Pulitzer Prize for the Guardian
Published 14/04/2014 | 20:37
The Guardian has won a Pulitzer Prize for revealing the massive US government surveillance effort.
The Washington Post also won one of the awards, American journalism's highest honour, which were announced today.
The newspapers' disclosures about the National Security Agency's (NSA) spy programmes showed the US government has collected information about millions of Americans' phone calls and emails based on its classified interpretations of laws passed after the September 11 attacks.
The stories are based on thousands of documents handed over by NSA leaker Edward Snowden.
The Boston Globe has been awarded a Pulitzer Prize in breaking news, and the New York Times has won two Pulitzers in photography categories.
Donna Tartt's The Goldfinch has won the Pulitzer Prize for fiction.
The history award was given to Alan Taylor's The Internal Enemy, and general non-fiction went to Dan Fagin's Toms River.
Megan Marshall's Margaret Fuller won for biography and Vijay Seshadri's 3 Sections received the poetry prize.
Annie Baker's The Flick won the Pulitzer Prize for drama.
The Columbia University's prize board gave the playwright, who is in her early 30s, the prize for her play about friendship, morality and loyalty set in a cinema.

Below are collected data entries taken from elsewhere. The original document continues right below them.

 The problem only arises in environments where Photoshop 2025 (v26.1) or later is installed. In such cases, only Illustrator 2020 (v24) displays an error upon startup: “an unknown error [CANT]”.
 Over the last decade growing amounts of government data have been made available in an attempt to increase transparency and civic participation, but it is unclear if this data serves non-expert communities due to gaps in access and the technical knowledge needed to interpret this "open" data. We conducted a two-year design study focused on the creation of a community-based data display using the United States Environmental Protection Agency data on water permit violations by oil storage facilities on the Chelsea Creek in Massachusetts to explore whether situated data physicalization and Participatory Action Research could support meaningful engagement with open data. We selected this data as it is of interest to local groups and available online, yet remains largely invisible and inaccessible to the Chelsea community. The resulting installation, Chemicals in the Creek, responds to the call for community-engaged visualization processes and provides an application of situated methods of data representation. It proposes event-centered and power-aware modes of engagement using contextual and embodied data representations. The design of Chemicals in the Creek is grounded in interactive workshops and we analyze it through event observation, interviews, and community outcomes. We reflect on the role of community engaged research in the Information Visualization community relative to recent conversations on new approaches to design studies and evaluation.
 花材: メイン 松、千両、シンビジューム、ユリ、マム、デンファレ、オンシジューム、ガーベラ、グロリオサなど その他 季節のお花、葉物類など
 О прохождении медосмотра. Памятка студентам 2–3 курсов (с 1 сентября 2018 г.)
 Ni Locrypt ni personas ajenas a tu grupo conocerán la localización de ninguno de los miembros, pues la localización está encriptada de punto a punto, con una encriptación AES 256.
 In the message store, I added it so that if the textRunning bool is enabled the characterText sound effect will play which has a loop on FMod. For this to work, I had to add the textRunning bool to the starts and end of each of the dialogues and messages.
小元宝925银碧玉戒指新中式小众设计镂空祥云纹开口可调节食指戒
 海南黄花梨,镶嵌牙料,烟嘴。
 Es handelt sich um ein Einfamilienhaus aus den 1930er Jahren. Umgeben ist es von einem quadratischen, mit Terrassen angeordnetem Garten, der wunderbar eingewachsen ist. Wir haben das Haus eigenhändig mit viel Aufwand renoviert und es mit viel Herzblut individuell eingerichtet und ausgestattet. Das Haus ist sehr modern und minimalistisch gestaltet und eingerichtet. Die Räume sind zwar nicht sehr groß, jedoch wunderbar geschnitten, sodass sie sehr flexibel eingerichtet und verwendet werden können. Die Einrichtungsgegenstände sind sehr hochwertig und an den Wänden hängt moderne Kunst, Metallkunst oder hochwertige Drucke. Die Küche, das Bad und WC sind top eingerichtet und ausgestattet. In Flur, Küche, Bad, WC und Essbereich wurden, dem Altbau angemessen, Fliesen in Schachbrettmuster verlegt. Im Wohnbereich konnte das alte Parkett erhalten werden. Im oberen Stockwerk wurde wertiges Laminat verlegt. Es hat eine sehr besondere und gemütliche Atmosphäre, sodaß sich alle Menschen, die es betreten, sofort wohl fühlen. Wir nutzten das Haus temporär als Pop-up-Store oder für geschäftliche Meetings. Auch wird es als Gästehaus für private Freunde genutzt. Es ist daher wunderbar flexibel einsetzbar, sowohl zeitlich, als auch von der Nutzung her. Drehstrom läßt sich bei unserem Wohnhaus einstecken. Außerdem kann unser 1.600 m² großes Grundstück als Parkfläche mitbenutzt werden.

The drama award, which includes a 10,000 dollar prize, is "for a distinguished play by an American author, preferably original in its source and dealing with American life", according to the official guidelines.
The production must have opened during 2013 to be eligible for this year's award. Previous playwrights honoured include August Wilson, Edward Albee, Eugene O'Neill, Arthur Miller and Tennessee Williams.